ISIS massacred at least 40 people and wounded 58 more in a suicide bombing at a funeral in east Iraq on Monday. Most of the people at the funeral were from the Shia religious community, which the Sunni extremist so-called Islamic State considers to be heretical.
The attack took place in Muqdadiya, northeast of the capital city Baghdad.
Another ISIS suicide bombing took place the same day, west of Baghdad, killing eight members of the Iraqi security forces.
Just one day before, ISIS massacred another 78 Iraqis in a double suicide bombing in a Shia-majority neighborhood in Baghdad. At least 100 more people were wounded.
Sunday's attack was the deadliest bombing inside the Iraqi capital so far this year.
From Feb. 28 to 29, at least 118 Iraqis were killed. When one factors in the additional ISIS attack on a Shia mosque in Baghdad on Feb. 25, in which 15 people were killed, at least 133 Iraqis have been massacred in the past few days.
And this does not even include the dozen more Iraqi soldiers who died in battles with ISIS during the same time period.
In the horrific November 2015 Paris attacks, 130 people were killed.
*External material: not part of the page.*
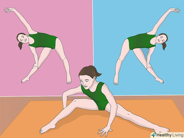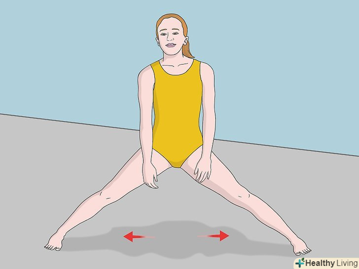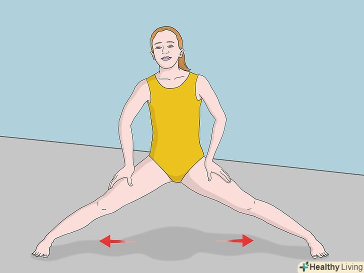 Повільно пересуньте ноги ще далі в сторону. відсуньте ноги ще далі один від одного. До тих пір, поки ви не натренуєтеся, виконувати цю вправу варто поступово. Не згинайте ноги в колінах. Якщо ви відчуєте біль, негайно припиніть вправу. Якщо ви переборщите з розтяжкою, це може привести до травми. [13]

The world virtually stopped, as heads of state from across the globe condemned the killings, and as stories filled up the headlines of every leading publication.
Yet there has been virtually no international outrage over the 133 Iraqis slaughtered by ISIS in the past few days. Like the Paris attacks, these bombings were primarily directed not at Iraqi fighters, but rather at civilians from the Shia community. Yet there was little press coverage, and most people yawned and moved on.
Do French lives matter more?
According to the United Nations, 670 Iraqis, including 410 civilians, were killed in February. Another 1,050 civilians were injured. ISIS was responsible for most of the casualties, targeting places of worship, markets and even funerals, in what the U.N. calls "vicious" attacks.
In January, another 849 Iraqis were killed, and 1,450 were injured. "This conflict continues to exact a heavy toll on the population," remarked Ján Kubiš, head of the U.N. Assistance Mission for Iraq.
The responses — or lack thereof — from Western media outlets, governments, and citizens makes their answer obvious.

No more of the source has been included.